Second, there is an unspoken assumption that if the government goes in, that it will help the mortgage holder financially somehow. We as taxpayers effectively would be asked to subsidize a certain segment of the population to keep them in mortgages that, let's face it, they can't afford. If, again, we assume that the majority of families in foreclosure are not victims of usury or of fraud, but poor financial decision-making and sloppy underwriting standards, and the government does a "bailout" of sorts, well, the government just rescued people from their own bad judgement. That isn't the government's job. Never has been, never will.

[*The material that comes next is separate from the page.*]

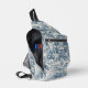 Eleganter Vintager Blue Toile de jouy Monogram Printed Sling Bag. Schönes nahtloses Toile de jouy Muster Blau auf weißem Hintergrund. Die Toilabdrücke sind ein Alltagswut, ein elegantes und verziertes Vintages Jouy mit exotischen Damast-Mustern, einem lustigen Stil, der derzeit für Wohngestaltung, Kleidung, Handy und IPad Hüllen, Einladungen und vieles mehr anzieht. Das Design ist klassisch und zeitlos mit atemberaubender Farbe. Sie können alle Textfarben und Schriftart ändern, klicken Sie, um weiter unter dem Bereich der Textanpassung, der Sie in das Design-Tool führt, anzupassen. Ein einzigartiges Geschenk für Geburtstag, Urlaub und jeden besondere Anlass. Ob zum Valentinstag, zu Weihnachten oder als Geschenk im Allgemeinen - es ist eine tolle Geschenkidee
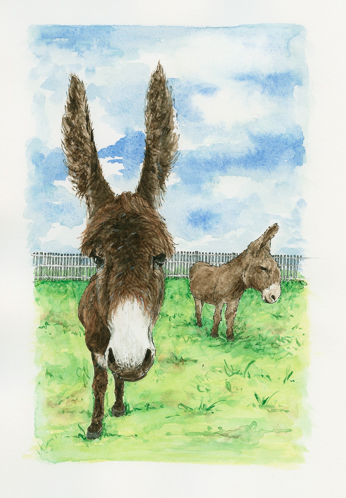 Introduce yourself to the charming Les Ânes of Tusson, France. Meticulously crafted with an unwavering focus on precision, it embodies the very essence of the original watercolor and ink masterpiece. Available in various sizes and adorned with a delicate white border, this print exudes elegance and grace in any space. Printed on luxurious 310g mat paper, it emanates opulence and sophistication. Carefully encased in a protective sleeve and reinforced envelope, each piece is delivered with utmost refinement. Treat yourself to this lavish representation of a couple of super cute guys.

Finally, and more tangibly, the US has done this before and IT DIDN'T WORK. During the farm crisis of the 1980s, thousands of farms went under. The government tried quite a few different tactics to keep people on their farms, including a foreclosure freeze, and the end result was that a farm in danger of foreclosure usually went into foreclosure anyway...whatever caused the landowner to be in so much trouble didn't go away with a 90-day freeze. There is absolutely no evidence to believe that a similar program will work now. At best we can expect it to delay the inevitable.

Nick said...

I had the same thought when I heard her statement (although admittedly I'm not exactly pro-Hillary to begin with): either she's lying or she's an idiot, and either way she has no business running the country. As I said in my blog at the time, it would be hard to find a more demonstrative example of the education problems plaguing the country than the fact that Hillary can make a statement like that and not be laughed out of any election contest for any public office, much less the office of the presidency. I'd go as far as to say if you don't understand why that statement is asinine, do the country a favor and please don't vote.

media hound said...

Have you ever been to Detroit? Until a couple years ago, I hadn't. To this day I have never seen anything like it. An entire city is gutted in the most eerie way, with perfectly good houses, some of them reminders of an elegant architectural past, are vacant and rotting. I saw neighborhoods with 3 out of every 4 houses just boarded up and beginning their decay into vandalism, and for some, eventual arson.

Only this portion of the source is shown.